Se um potencial atraso for identificado,
deve-se avisar imediatamente os envolvidos (levantar a bandeira amarela). Esta é uma das partes mais difíceis da
gestão dos prazos.
Os gestores mais inexperientes ficam
constrangidos ao anunciar um atraso, mesmo que antecipadamente. Muitas vezes
acreditam que conseguem recuperar o tempo perdido e assim cumprir a deadline inicial.
O que acaba acontecendo, nestes casos, é que
não se consegue recuperar o prazo e eles avisam muito próximo da deadline (levantando
a bandeira vermelha). Tarde
demais. O impacto será muito maior, causando muito mais prejuízos do que se o
aviso tivesse sido feito com antecedência.
Como diz o ditado, mesmo que dobrarmos os esforços, duas
mulheres não conseguem dar à luz a uma criança em quatro meses e meio.
Prazos: para não atrasar mais
É possível gerar previsibilidade por meio da estipulação
correta de prazos e acompanhamento adequado.
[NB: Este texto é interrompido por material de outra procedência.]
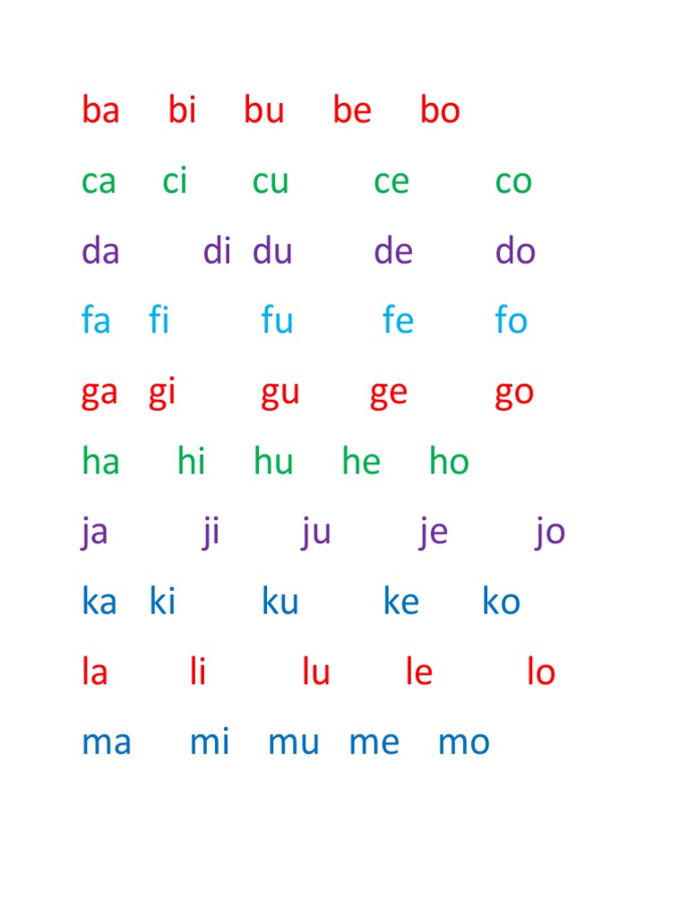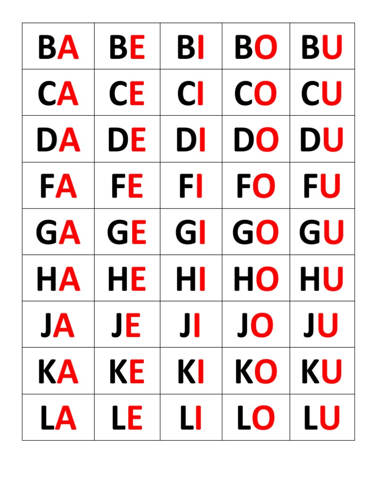 A I U E E O B Ba Bi Bu Be Be Bo C Ca Ci Cu Ce Ce Co D Da Di Du De De Do F Fa Kindergarten Reading Activities Preschool Learning Kindergarten Reading Worksheets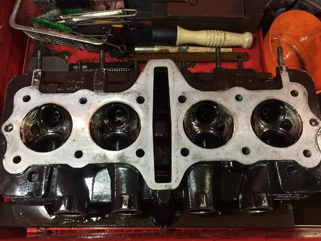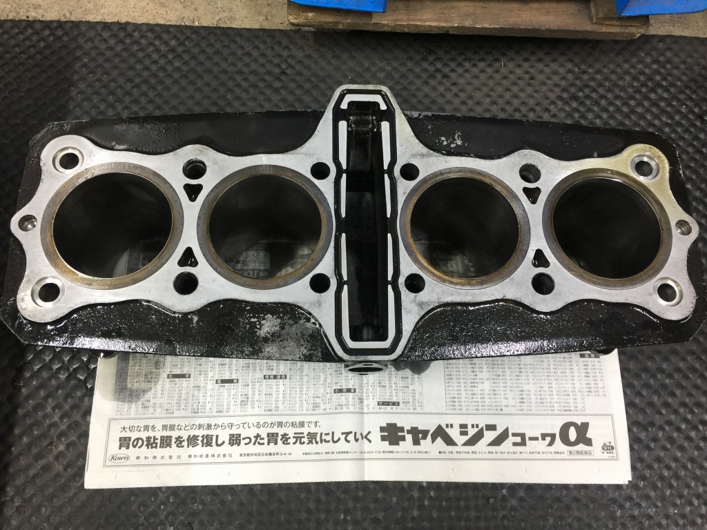 シリンダーもガスケットを剥がしてオイルストーンで面出ししておきます。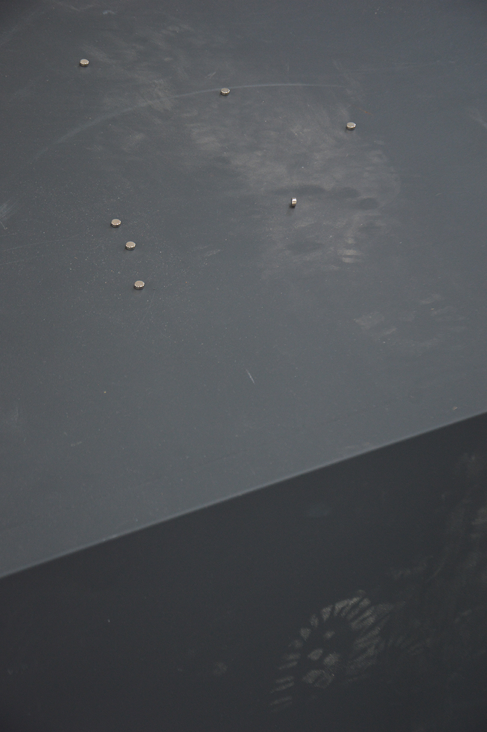 (2021) with costume designer and performer Élise Ehry; for Clovis' sons (keep fighting), for those whose legs were heavy once or always are. Magnets rain thrown by Anna Koutsafti. At La Box, Bourges.

Eventuais atrasos acontecem
(comigo também) e a ideia é aplicarmos a melhoria contínua para que os atrasos
cada vez sejam menores e menos frequentes.
Embora se dar conta que um atraso irá ocorrer
seja desagradável, levantar a bandeira amarela é muito melhor do que levantar a
vermelha. Nada pior para um stakeholder saber
em cima da hora que o projeto não será entregue.
Sprints
, milestones, provas
de conceito e MVPs são mecanismos adequados para diminuir o risco de um projeto
não ser entregue. É melhor entregar algo palpável no prazo intermediário
definido do que entregar algo que não tem utilidade.
Comece pequeno, sendo pontual a pequenos
compromissos e as suas timeboxes definidas,
que isso gera um senso de cumprimento de deadlines.
Automaticamente isso vira um hábito e, como disse
Aristóteles.
"Primeiro nós fazemos os nossos hábitos.
Depois os nossos hábitos nos
fazem."
Por Paulo Krieser, CEO da Econodata.